#### [Task details]
Print the data below exactly, but only the lines from the one containing "Conclusion of Nonviolence" down to the one containing "This strengthens Swaraj", inclusive.
===== Material to process =====
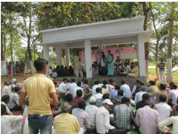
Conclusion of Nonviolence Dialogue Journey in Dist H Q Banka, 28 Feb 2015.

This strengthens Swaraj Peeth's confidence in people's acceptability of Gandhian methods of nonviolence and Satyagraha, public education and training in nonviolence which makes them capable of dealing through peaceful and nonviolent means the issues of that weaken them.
=====
===== Material to process =====
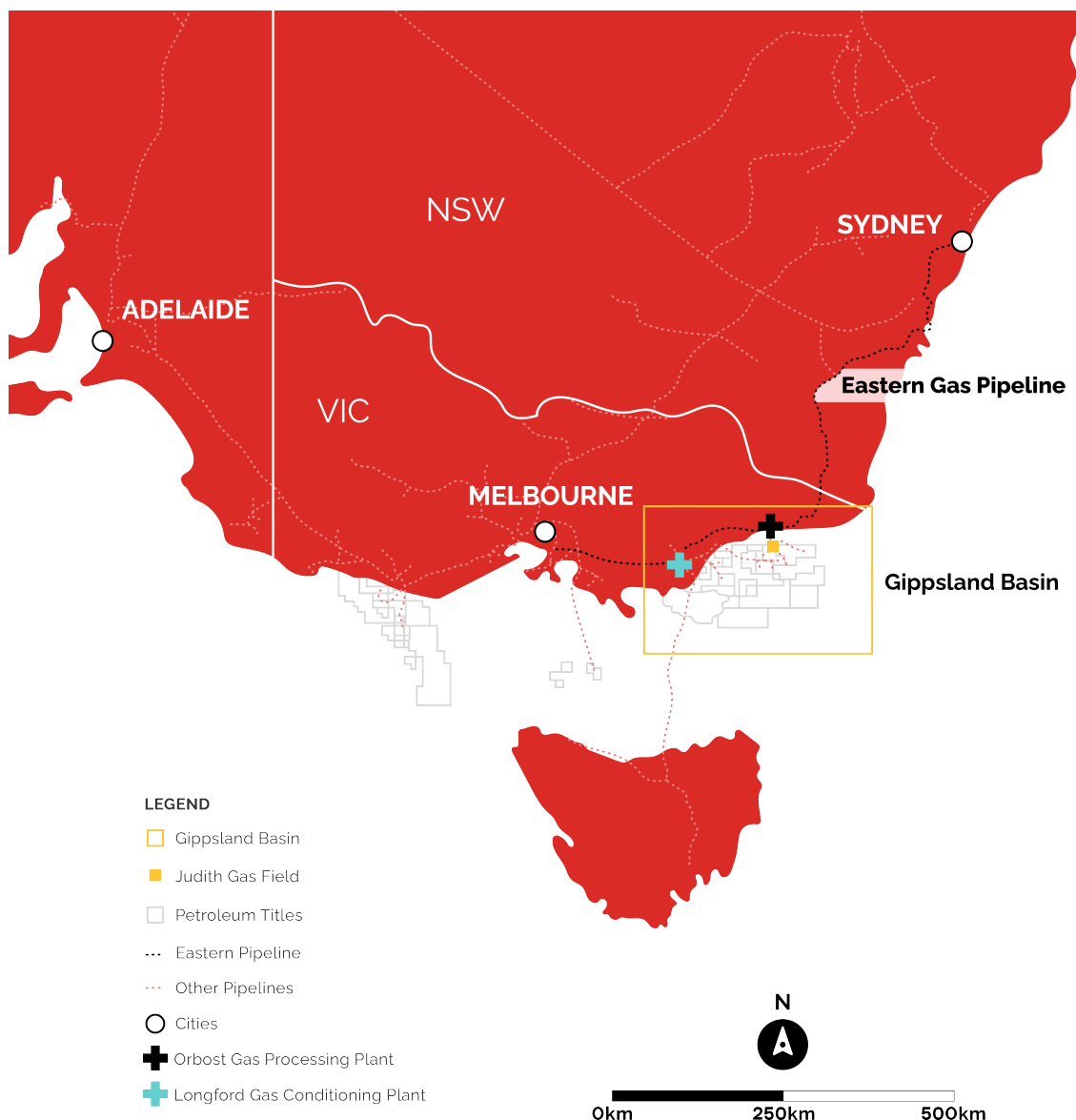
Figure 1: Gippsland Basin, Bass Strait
=====
#### [Response to this exercise]
Conclusion of Nonviolence Dialogue Journey in Dist H Q Banka, 28 Feb 2015.

This strengthens Swaraj Peeth's confidence in people's acceptability of Gandhian methods of nonviolence and Satyagraha, public education and training in nonviolence which makes them capable of dealing through peaceful and nonviolent means the issues of that weaken them.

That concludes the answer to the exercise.